Mode B — Primordial soup. A 40×40 grid of 64-byte programs. Each epoch pairs random programs, concatenates them into a 128-byte tape, runs it under BFF rules, and splits the result back — no fitness, no selection. Seed replicator drops the palindrome replicator into the soup; watch the replicator's color overtake the grid. Color shows similarity to the replicator (or a content hash).

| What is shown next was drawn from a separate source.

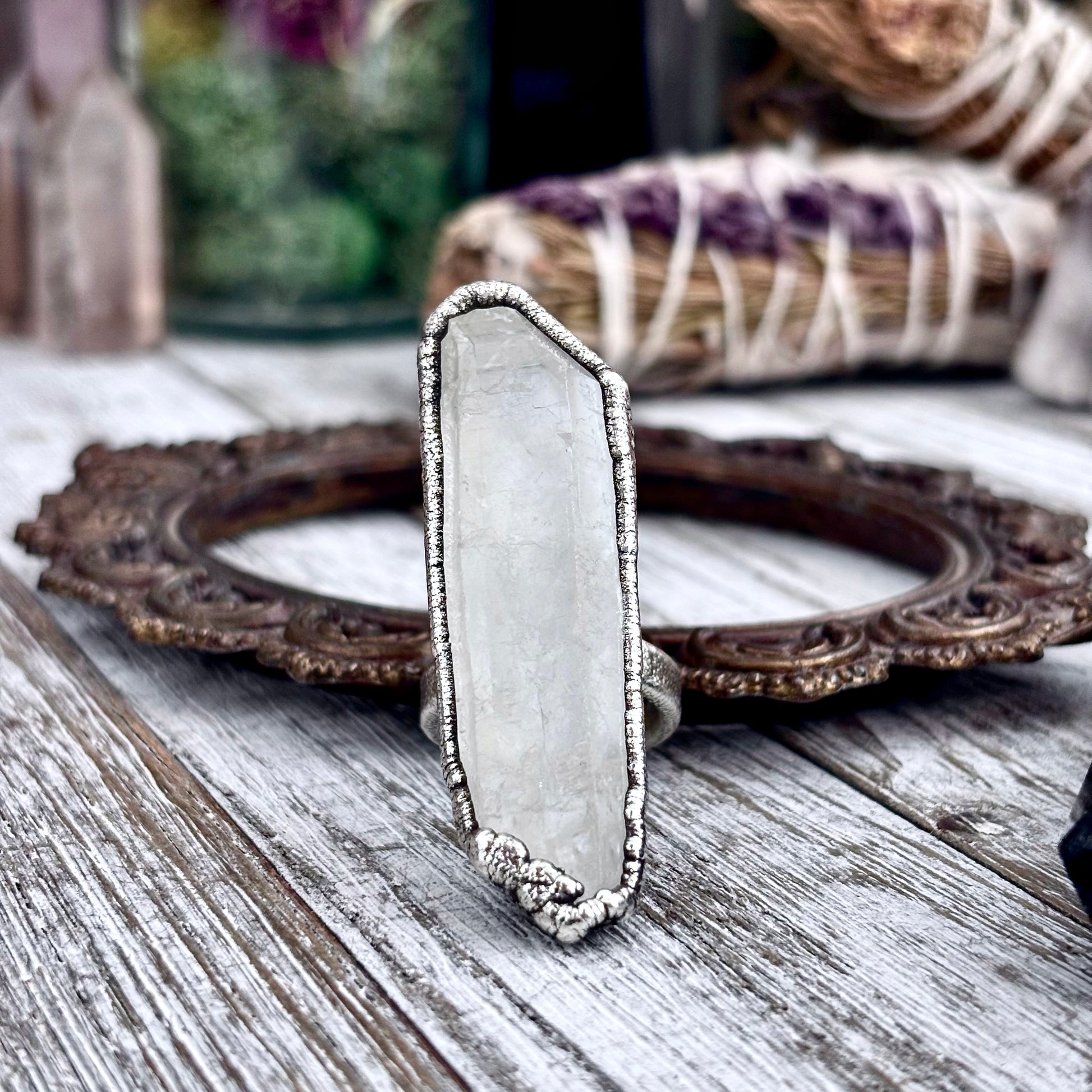 Raw Clear Quartz Crystal Ring Set in Fine Silver Size 8.5 / Foxlark Collection - One of a Kind

Mode C — Two-IP soup. The same soup, but each concatenated pair is treated as a 128-cell ring with two instruction pointers — one per program (starting at positions 0 and 64), each with its own heads. Both run forward and wrap past the end, alternating one step at a time, so either program can act on the other (the setup is symmetric, so pairing order is irrelevant). With no "run off the end" to stop them, reactions end at an adjustable step cap (default 1024) — the key control. Near 300–350 the seeded palindrome briefly takes over and is then displaced by novel replicators, but that regime is transient — over many thousands of epochs self-copy decays back toward disorder. Higher (≈1024) the seed never catches on, yet novel self-replicators emerge and persist (self-copy ~85–90%): the stable emergent regime. Unlike Mode B, no seeded lineage stays dominant.

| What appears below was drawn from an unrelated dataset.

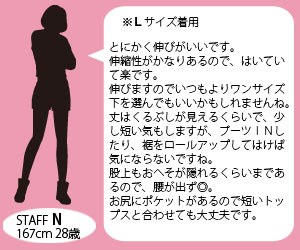 | 注意点 | ▼この製品は生地の特性上、洗濯時に多少縮む場合がございます。 ▼色落ちの恐れがございますので、他の物とは分けて洗濯して下さい。一度お洗い頂いてからのご着用をおすすめ致します。 ▼摩擦や汗、雨などで濡れた時は、他の衣類や下着に移染する恐れがございますので、着用の際はご注意下さい。 |

Both soups report, beyond the seed-template match (replicators / avg seed similarity): entropy (normalized Shannon entropy of 4-grams across the soup, a template-free order signal that falls as any motif spreads), self-copy rate (a template-free, mirror-aware functional test — the fraction of programs that copy a ≥12-byte run of themselves into a fresh random partner, which catches novel replicators the seed template misses), and a sparkline of these over time.

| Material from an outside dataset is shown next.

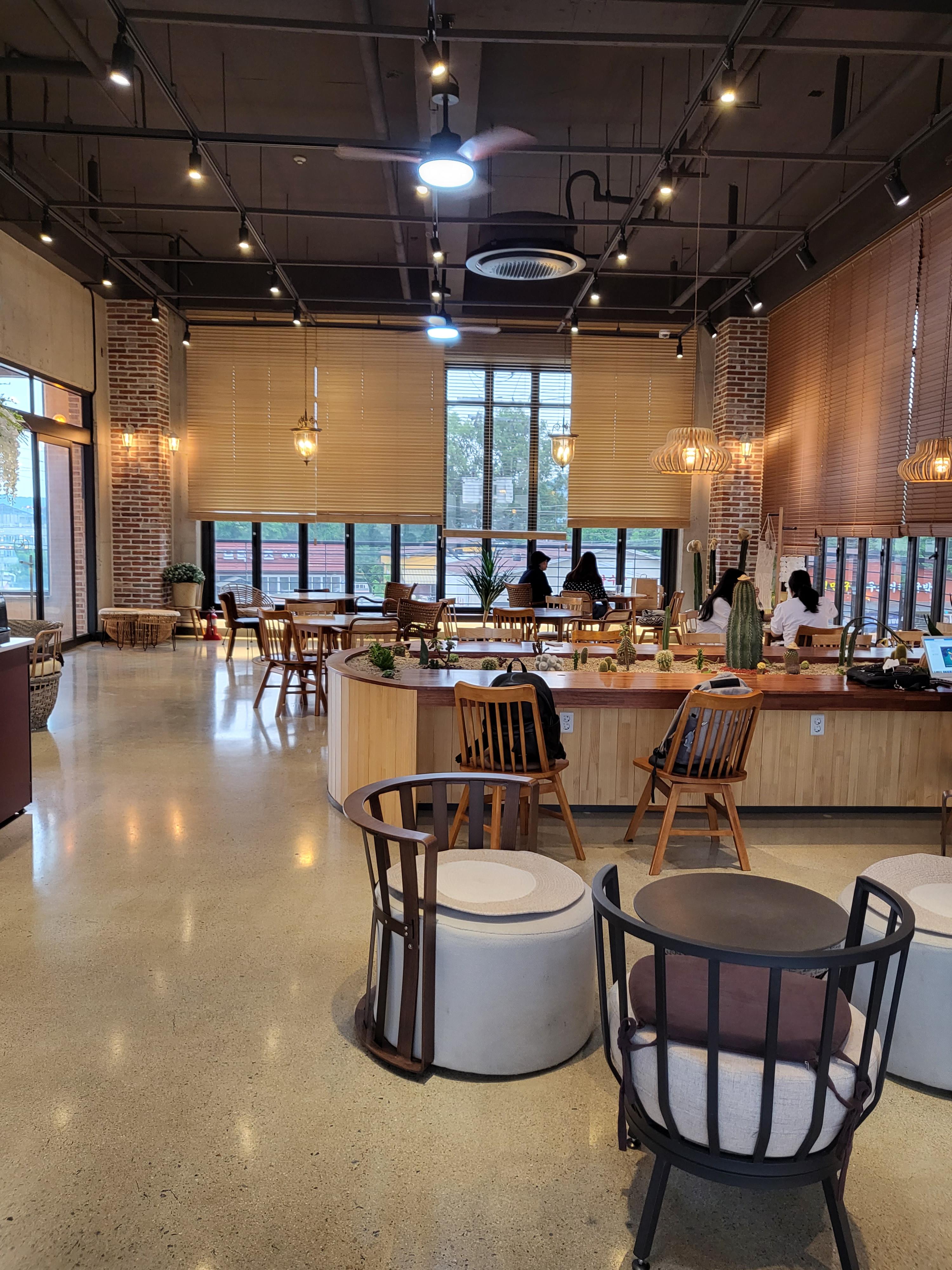 저도 구경하면서 자리 고르는데만도 엄청 시간이 걸렸는데, 메뉴 나오는 시간이 꽤 걸려서 1층에서 메뉴 먼저 고르시고 구경하고 자리 잡으시면 좋을 것 같더라고요.

Semantics (faithful to cubff)

Command bytes: <60 >62 {123 }125 -45 +43 .46 ,44 [91 ]93; every other byte is a no-op. Loops test tape[head0]. Brackets are matched dynamically over the live tape at jump time (the tape rewrites itself). Heads wrap mod tape length; the IP halts when it runs off the tape, hits an unmatched bracket, or after 8192 steps.

Notes on the soup

  • The brief specifies heads start at position 0 of the concatenation. Under those semantics the palindrome replicator is genuinely self-replicating (it stamps a mirror copy of itself into its partner), which was verified directly.
  • A single seeded program dies out stochastically, so Seed replicator seeds ~20% of the soup at once. This makes the takeover reliably demonstrable (the brief's stated goal) rather than chance-dependent; replicator coverage then climbs to ~70–90% within a couple hundred epochs.

About

Taking advantage of the minimalist programming language BF's ability to absorb point mutations and retain functionality to simulate evolution and artificial life.